§ **Information provided**:
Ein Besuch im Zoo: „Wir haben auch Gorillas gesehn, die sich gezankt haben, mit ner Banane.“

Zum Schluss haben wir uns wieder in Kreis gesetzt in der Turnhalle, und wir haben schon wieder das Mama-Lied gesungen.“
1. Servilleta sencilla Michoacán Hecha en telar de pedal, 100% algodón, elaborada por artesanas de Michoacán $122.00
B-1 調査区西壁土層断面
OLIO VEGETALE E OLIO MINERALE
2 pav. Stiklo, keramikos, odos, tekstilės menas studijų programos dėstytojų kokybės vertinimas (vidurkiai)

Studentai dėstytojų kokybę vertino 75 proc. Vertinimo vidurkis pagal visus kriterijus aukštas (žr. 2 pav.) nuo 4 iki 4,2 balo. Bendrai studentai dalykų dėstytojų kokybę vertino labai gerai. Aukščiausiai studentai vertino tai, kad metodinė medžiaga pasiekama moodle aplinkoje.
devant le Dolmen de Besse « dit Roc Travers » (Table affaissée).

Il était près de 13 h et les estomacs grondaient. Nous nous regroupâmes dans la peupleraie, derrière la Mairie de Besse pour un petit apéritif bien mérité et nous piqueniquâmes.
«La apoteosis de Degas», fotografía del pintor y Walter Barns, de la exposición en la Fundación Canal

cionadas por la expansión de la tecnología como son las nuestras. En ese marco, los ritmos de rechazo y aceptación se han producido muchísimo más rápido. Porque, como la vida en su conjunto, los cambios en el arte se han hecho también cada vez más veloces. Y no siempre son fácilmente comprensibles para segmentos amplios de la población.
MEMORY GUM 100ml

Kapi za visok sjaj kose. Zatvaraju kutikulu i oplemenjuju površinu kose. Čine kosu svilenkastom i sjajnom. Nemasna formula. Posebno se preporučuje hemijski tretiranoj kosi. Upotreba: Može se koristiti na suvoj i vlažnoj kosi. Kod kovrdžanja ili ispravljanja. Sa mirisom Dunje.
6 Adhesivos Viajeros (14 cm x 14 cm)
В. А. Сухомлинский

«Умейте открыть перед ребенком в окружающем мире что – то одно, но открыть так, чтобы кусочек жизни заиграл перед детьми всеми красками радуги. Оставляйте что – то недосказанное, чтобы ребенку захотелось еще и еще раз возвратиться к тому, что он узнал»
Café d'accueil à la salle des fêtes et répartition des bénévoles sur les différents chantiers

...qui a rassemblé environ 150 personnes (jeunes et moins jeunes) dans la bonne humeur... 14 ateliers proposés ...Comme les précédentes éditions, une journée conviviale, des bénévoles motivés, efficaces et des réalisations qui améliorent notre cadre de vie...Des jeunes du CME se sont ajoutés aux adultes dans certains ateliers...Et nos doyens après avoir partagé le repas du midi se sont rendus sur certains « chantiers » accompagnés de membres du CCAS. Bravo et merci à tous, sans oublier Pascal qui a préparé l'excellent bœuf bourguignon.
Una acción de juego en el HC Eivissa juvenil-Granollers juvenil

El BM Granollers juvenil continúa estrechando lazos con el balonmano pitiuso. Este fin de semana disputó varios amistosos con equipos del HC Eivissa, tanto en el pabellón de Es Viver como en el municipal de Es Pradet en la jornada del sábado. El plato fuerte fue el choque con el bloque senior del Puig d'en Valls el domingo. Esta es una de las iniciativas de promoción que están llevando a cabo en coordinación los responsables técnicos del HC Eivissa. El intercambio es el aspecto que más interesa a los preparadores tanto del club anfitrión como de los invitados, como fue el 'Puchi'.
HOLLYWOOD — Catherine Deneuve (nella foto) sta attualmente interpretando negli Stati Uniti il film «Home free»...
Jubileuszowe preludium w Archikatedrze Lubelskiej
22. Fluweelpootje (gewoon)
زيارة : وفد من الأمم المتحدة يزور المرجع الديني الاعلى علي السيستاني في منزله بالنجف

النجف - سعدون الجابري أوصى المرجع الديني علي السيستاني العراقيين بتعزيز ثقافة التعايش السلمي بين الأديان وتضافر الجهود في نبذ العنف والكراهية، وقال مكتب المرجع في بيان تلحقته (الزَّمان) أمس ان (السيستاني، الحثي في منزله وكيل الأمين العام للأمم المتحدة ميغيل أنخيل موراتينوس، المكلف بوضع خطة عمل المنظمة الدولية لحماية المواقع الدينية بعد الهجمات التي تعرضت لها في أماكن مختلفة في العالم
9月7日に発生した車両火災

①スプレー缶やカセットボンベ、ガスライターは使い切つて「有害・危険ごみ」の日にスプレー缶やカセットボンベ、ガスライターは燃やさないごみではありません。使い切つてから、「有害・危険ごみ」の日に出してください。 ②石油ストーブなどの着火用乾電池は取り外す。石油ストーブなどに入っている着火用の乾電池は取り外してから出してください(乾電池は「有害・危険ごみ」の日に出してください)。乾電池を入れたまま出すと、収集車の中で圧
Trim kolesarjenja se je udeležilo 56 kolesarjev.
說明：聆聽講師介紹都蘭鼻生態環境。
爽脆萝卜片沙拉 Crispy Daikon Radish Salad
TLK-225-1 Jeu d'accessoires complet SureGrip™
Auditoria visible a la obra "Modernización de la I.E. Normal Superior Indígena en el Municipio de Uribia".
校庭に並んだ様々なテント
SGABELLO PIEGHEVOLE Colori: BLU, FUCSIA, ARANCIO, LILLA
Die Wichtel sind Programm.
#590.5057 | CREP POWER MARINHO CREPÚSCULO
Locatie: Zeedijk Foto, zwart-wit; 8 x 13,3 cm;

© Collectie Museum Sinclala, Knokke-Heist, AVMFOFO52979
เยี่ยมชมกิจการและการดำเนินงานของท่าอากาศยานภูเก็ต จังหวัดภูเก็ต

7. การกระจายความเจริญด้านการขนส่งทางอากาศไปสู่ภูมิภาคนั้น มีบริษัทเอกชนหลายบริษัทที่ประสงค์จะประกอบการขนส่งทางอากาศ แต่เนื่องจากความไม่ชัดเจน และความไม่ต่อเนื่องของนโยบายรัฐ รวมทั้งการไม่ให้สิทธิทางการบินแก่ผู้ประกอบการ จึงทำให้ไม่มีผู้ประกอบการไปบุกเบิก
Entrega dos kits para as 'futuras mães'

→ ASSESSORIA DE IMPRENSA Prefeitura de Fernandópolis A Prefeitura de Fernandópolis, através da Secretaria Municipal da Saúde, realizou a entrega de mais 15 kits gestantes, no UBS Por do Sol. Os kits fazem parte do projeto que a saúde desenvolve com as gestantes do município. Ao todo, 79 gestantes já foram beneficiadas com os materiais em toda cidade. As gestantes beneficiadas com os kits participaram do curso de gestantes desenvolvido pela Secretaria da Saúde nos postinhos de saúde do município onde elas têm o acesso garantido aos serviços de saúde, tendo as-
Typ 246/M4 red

§ **Directions**: Word for word, repeat the data from its first line through the line with "Zum Schluss haben", including both of those lines and no others.

§ **Reply to the task**:
Ein Besuch im Zoo: „Wir haben auch Gorillas gesehn, die sich gezankt haben, mit ner Banane.“

Zum Schluss haben wir uns wieder in Kreis gesetzt in der Turnhalle, und wir haben schon wieder das Mama-Lied gesungen.“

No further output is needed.